What gets removed¶
Complete reference of every dangerous element pdf-defang strips, and
how each level treats it.
Levels at a glance¶
sanitize() accepts a level keyword:
level |
Form interactivity | Embedded files | Default |
|---|---|---|---|
"strict" |
stripped | stripped | yes |
"balanced" |
preserved | preserved | no |
Both levels strip pure attack vectors. balanced differs only in
what it leaves alone so legitimate forms and PDF portfolios survive.
Document-level¶
| Element | Path | What it does | Risk | strict |
balanced |
|---|---|---|---|---|---|
| Document JavaScript | /Catalog → /Names → /JavaScript |
Runs JS automatically when the PDF opens (in vulnerable viewers) | 🔴 High | removed | removed |
| Embedded files | /Catalog → /Names → /EmbeddedFiles |
Hides files (often malware) inside the PDF container | 🟡 Medium | removed | kept |
| Open action | /Catalog → /OpenAction |
Auto-executes an action when the PDF opens | 🔴 High | removed | removed |
Document /AA |
/Catalog → /AA |
Auto-executes on navigation events (close, print, etc.) | 🔴 High | removed | removed |
| XFA forms | /Catalog → /AcroForm → /XFA |
Legacy XML-based forms - long history of CVEs | 🔴 High | removed | removed |
| Calculation order | /Catalog → /AcroForm → /CO |
Form field calculation order (can trigger JS chains) | 🟡 Medium | removed | kept |
Page-level¶
| Element | Path | What it does | Risk | strict |
balanced |
|---|---|---|---|---|---|
Page /AA |
Each page's /AA |
Auto-executes on page-level events (open, close) | 🟡 Medium | removed | removed |
Annotation-level¶
Action types¶
Action /S value |
What it does | Risk | strict |
balanced |
|---|---|---|---|---|
/JavaScript |
Runs JS when the user clicks the annotation | 🔴 High | removed | kept (form calculations) |
/Launch |
Opens an external program (e.g., calc.exe) |
🔴 High | removed | removed |
/ImportData |
Reads external data into form fields | 🔴 High | removed | removed |
/SubmitForm |
Sends form values to a URL | 🟡 Medium | removed | kept |
/ResetForm |
Clears the form | 🟡 Medium | removed | kept |
/Rendition |
Plays media - legacy attack surface | 🟡 Medium | removed | removed |
/GoToR |
Opens another PDF (file:// or http:// - phishing vector) |
🔴 High | removed | removed |
/GoToE |
Opens an embedded file | 🟡 Medium | removed | removed |
/Movie |
Deprecated movie playback - old reader exploits | 🟢 Low (deprecated) | removed | removed |
/Sound |
Deprecated sound playback - same | 🟢 Low (deprecated) | removed | removed |
URI scheme filtering (both levels)¶
/URI actions are not removed (legitimate hyperlinks).

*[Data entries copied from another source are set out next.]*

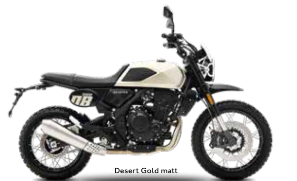
Desert Gold matt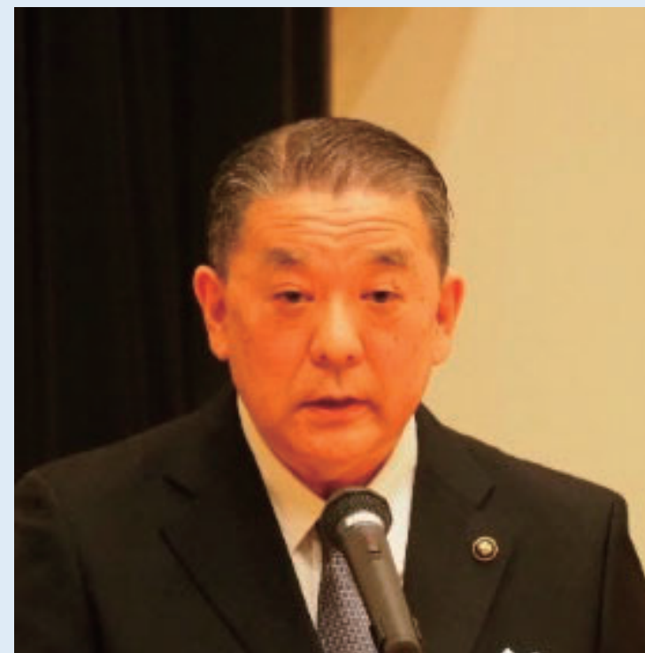
▲ 謝 辞 (金澤 雲仙市長)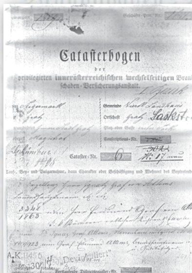
Договір, укладений 1829 року, який діє і донині

Ерцгерцог Йоган (повне ім'я - Johann Baptist Joseph Fabian Sebastian von Habsburg). Впливовий політик на міжнародній арені, рідний брат імператора Австрійської імперії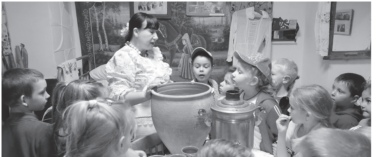
В 2001 году в Доме культуры хутора был открыт музей боевой славы и казачьего быта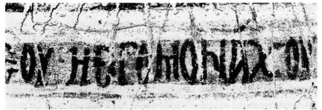
Fig. 4. Cemil, monastère dit de l'archange : inscription dédicatoire (détail). Le premier donateur, le hiéromoine (après traitement de l'image).

On observe également des intervalles vides entre plusieurs mots : elles ne sont pas accidentelles et je ne les signale pas dans ma transcription. Elles sont parfois indiquées sur la paroi par des points à mi-hauteur des mots et sont particulièrement visibles après : \kappa\acute{o}\pi\omicron\upsilon , \sigma\eta\nu\delta\rho\omicron\mu\tilde{\upsilon}\varsigma , \delta\omicron\upsilon\lambda\omicron\upsilon , \text{Βαρθολωμέου} , \eta\epsilon\rho\omicron\mu\omicron\nu\acute{\alpha}\chi\omicron\upsilon , \alpha\tilde{\upsilon}\tau\omicron\tilde{\upsilon} , \Lambda\epsilon\omicron\nu\tau\omicron\varsigma , \delta\eta\alpha\kappa\acute{o}\nu\omicron\upsilon , \Sigma\alpha\mu\eta\acute{o} , \acute{\epsilon}\nu(\delta\iota\kappa\tau\acute{\iota}\omicron\nu\varsigma) \varsigma , \beta\alpha\sigma\iota\sigma\iota\lambda\epsilon\omicron\varsigma , \Theta\epsilon\omicron\delta\acute{\omega}\rho\omicron\upsilon . Cer-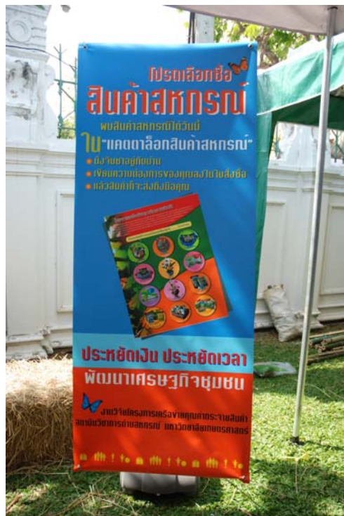
รูปที่ 11 : แผ่นภาพประชาสัมพันธ์

นำแผ่นภาพไปประชาสัมพันธ์ในงานเพื่อไทย พันภัย ฟังใจ เพื่อนฟัง(ภาฯ) ณ ตำบลสวนกุหลาบ และงานอร่อยทั่วไทยกับไปรษณีย์ บริษัทไปรษณีย์ไทย จำกัด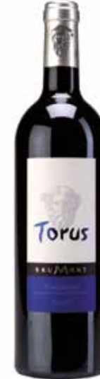
Torus Rouge A.O.C. Madiran

Die seltene fruchtige Rebsorte Gros Manseng wird sehr spät gelesen. Die von leichter Bothrytis befallenen Trauben werden über ein Jahr in Stahlfässern ausgebaut, danach auf Flaschen gezogen. Der Wein ist leicht und jugendlich und hat eine gut ausgeprägte Restsüße mit feiner Säure. (100% Gros Manseng)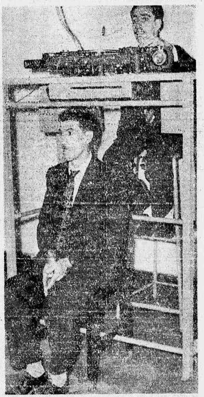
Este é um dos aparelhos do exame psicotécnico. Projeta dois pontos luminosos sobre uma escala unidimensional e movimento ambos com velocidade variável, em sentido oposto. O examinando, calculando mentalmente a velocidade de um ou de outro terá que dizer sobre qual dos pontos de partida se deu o cruzamento dos dois pontos. (Texto na página 7, coluna 4)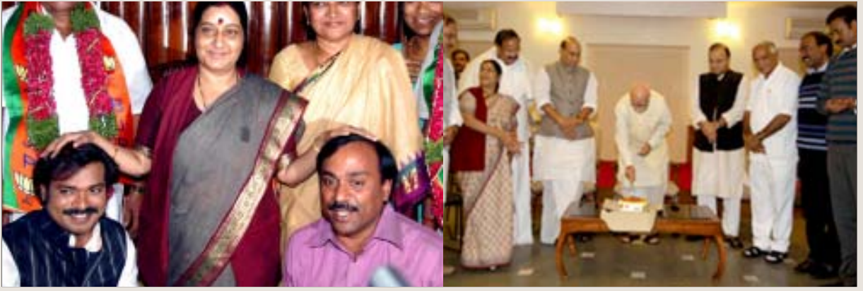
பா.ஜ.க.வின் உயர்மட்டத் தலைவர்களோடு ரெட்டி சகோதரர்களுக்கு இருக்கும் நெருக்கத்தைக் காட்டும் புகைப்படங்கள்: ஷமா வராஜ் (வலது படம்) மற்றும் அத்வானியோடு ஜனார்த்தன ரெட்டி (வட்டத்துக்குள்).

ஆனால், “தனது கட்சிக்காரர்களுக்கு எதிராக காங்கிரசின் சதி” என்ற தயார்நிலை பதிவை பா.ஜ.க. எல்லா வற்றுக்கும் தீர்வாக வைத்துக் கொண்டிருக்கிறது. ஆர்.எஸ்.எஸ். பயங்கரவாதிகளின் வெடிகுண்டுத் தாக்குதல், குஜராத்தில் நரேந்திர மோடி தலைமையிலான இசுலாமியர் படுகொலைகள் ஆகியவற்றிலிருந்து குற்றவாளிகளைத் தப்புவிப்பதில் அக்கட்சி எவ்வளவு அக்கறை கொண்டுள்ளதோ, அதேபோல பெல்லாரி ரெட்டி சகோதரர்கள் விவகாரத்திலும் கடமைப்பட்டுள்ளது. ரெட்டி சகோதரர்களின் பண்பலத்தைக் கொண்டு நடத்தப்பட்ட “தாமரை நடவடிக்கை”யால் தான் பா.ஜ.க. கர்நாடகாவில் ஆட்சிக்கு வந்தது. அக்கட்சி ஆட்சியில் நீடிப்பதும் வீழ்வதும் ரெட்டி சகோதரர்களின் கை அசைவில் இருக்கிறது.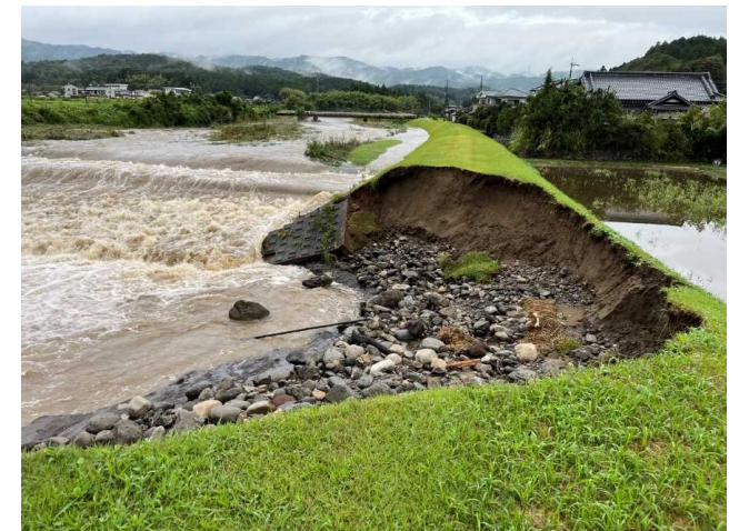
花園川(北茨城市華川町)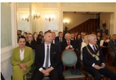
• Uroczysta sesja Rady Miejskiej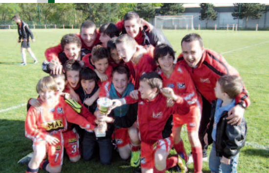
Équipe U13 de PSM vainqueur du tournoi du 1 er mai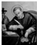
San Alfonso María de Liguorio

Las Glorias de María es un libro escrito por San Alfonso María de Liguorio. Con Oraciones a María, Reflexiones y Meditaciones sobre la Virgen María. Completísima obra sobre la Santísima Virgen María, quizá de las mejores escritas hasta ahora. Trata sobre la vida de la Virgen, sus gracias, sus virtudes, etc. Se aborda también el importantísimo tema, entre muchos otros, del poder de intercesión de Nuestra Señora y de cuán bueno es acudir a Ella.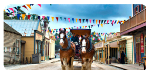
Thị trấn Ballarat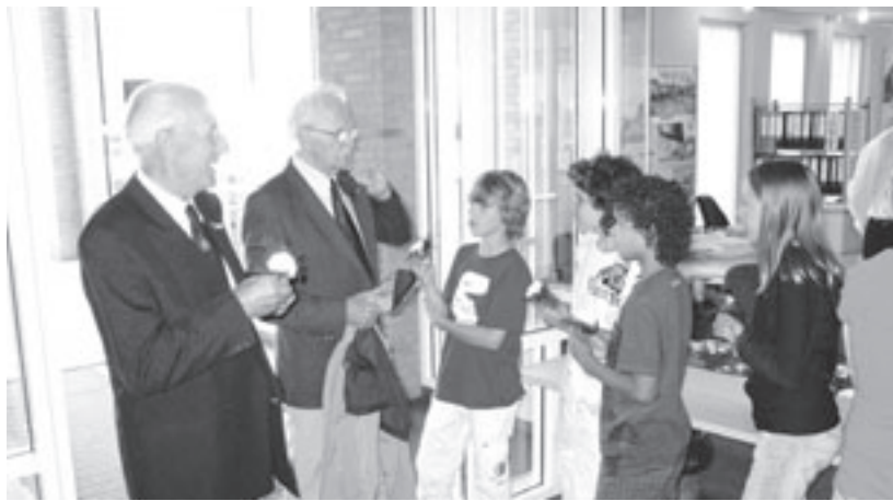
De veteranen werden bij het gemeentehuis verwelkomt door vijf leerlingen van de Montessorischool uit Castricum. Zij spelden de genodigden een anjer op.

De verlengde reactietermijn (per email) sluit op 25 juli 2008.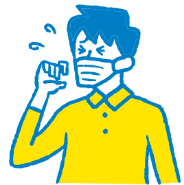
せき・たんがで出る Cough, Phlegm

But the URL value is checked: if the scheme is dangerous, the action is
stripped. This filtering is identical in strict and balanced.
| Scheme | Action |
|---|---|
http://, https://, mailto:, tel:, ftp://, sftp://, news:, nntp:, irc://, magnet: |
✅ Kept |
javascript: |
❌ Removed |
file:// |
❌ Removed (local file access) |
data: |
❌ Removed (data URIs, can carry HTML) |
vbscript: |
❌ Removed |
\\server\share (Windows UNC paths) |
❌ Removed |
//server/share (alternate UNC form) |
❌ Removed |
| Any other unknown scheme | ❌ Removed (whitelist approach) |
| Relative URIs (no scheme) | ✅ Kept (usually in-document) |
Annotation-level extras¶
| Element | What it does | strict |
balanced |
|---|---|---|---|
/AA on annotation |
Auto-actions when hovering / focusing / calculating | removed | kept (form triggers) |
/JS on annotation |
Direct JavaScript attached to annotation | removed | kept (form calculations) |
What is preserved (both levels)¶
pdf-defang is non-destructive to visible content:
- All text, images, and layout
- Standard form fields (filled values stay intact)
- Bookmarks, table of contents, page labels
- Document metadata (Author, Title, Subject, Keywords)
- Standard link annotations to
mailto:/http(s):URLs - Document structure, page count, page order
- Encryption (when password provided)
A PDF passing through pdf-defang looks identical to a human reader,
just without the executable surface.
When to pick which level¶
strict- the default. Use when accepting PDFs from anyone you don't know: public upload forms, email attachments, customer file shares. Form interactivity is sacrificed for safety, but every viewer still displays the document content normally.balanced- opt in only when forms must actually work end-to-end (calculator buttons, "Submit" buttons, format/validate triggers) and you've vetted the source. Tax returns, expense reports, and similar internal documents are typical examples.